Born in Sierra Leone nine years after the country gained independence, Abu Bakar Mansaray’s art is greatly influenced by his home country and its history. In 1991, Sierra Leone underwent a decade-long civil war that took many lives and displaced much of the populace. During and after the war, the country’s infrastructure collapsed. Mansaray escaped the war and lived in the Netherlands for several years. Currently, he resides in Sierra Leone’s capital, Freetown. Sierra Leone’s traumatic history influences much of Mansaray’s artwork.
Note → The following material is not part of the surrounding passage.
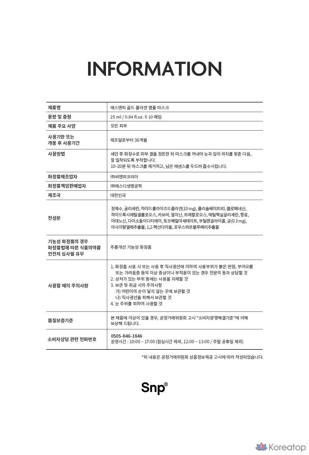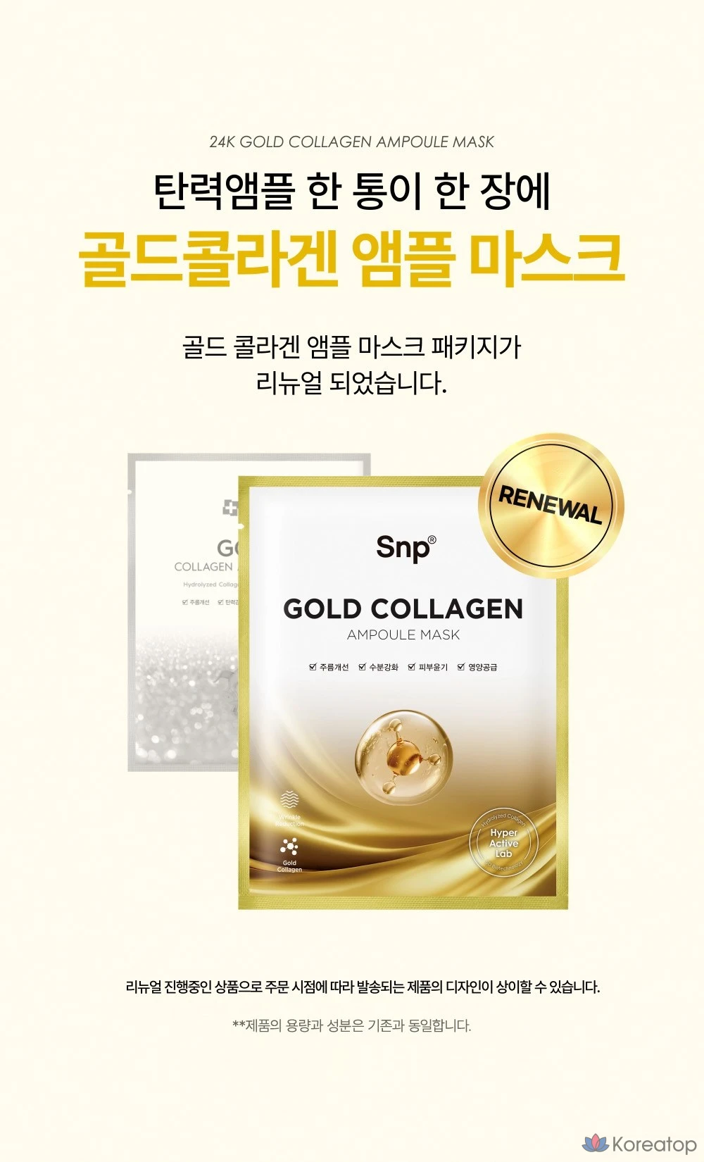 SNP Gold Collagen Ampoule Mask, 1 коробка (10 листов), 10 штук, 1 упаковка

Mansaray pulls inspiration from sci-fi, war and engineering to create large and imposing artworks detailed with fragments of information about each and every part of his fictional war machines. ‘Mansaray’s Afro-futurism seems like a projection of reality’s horrors onto another dimension of time and place. Reality is projected forwards, to a futuristic world. Not only is technology, the glory of the West’s ideas of progress and enlightenment, presented through its terrifying facet but it is also devoid of its rational and logical characteristic, on which it prides itself.’
Similar to Mansaray, Fabrice Monteiro bases his art on a different type of violence. Environmental destruction is the focus of Monteiro’s photographic artworks, bringing to light the effect of humanity’s negligence towards the earth’s wellbeing. Monteiro’s Prophecy, photographed in real life locations around Senegal affected by pollution, throws us into frightening arrangements where mystical figures walk among a ruined earth: ‘The ghostly figures are imbued with the theme of animism, accentuating each photo’s surreal composition of a jinn (an ancient supernatural genie) experiencing the ravages of modern man’s pollution.’
As Kodwo Eshun remarks, ‘Africa increasingly exists as the object of futurist projection’ and as a ‘zone for the absolute dystopia’. Instead of submitting to the doomsday predictions and depictions of pessimistic futures often favoured by Western NGOs, Monteiro uses local beliefs and ‘spirits to deliver a message’ that envisions a future where environmental destruction is no longer a single inescapable narrative.
References
Nnedi Okorafor. 2019. Afrofuturism defined. nnedi.blogspot.com/2019/10/africanfuturism-defined.html
Kikk Festival. 2019. Emo De Medeiros. Online festival program. www.kikk.be/2019/en/program/kikk-in-town-1/emo-de-medeiros
Now Look Here. 2020. Emo De Medeiros. Online exhibition catalogue. www.now-look-here.com/Participants/Emo-de-Medeiros
Kodwo Eshun. 2003. Further Considerations on Afrofuturism. The New Centennial Review, 3:2, 287-302.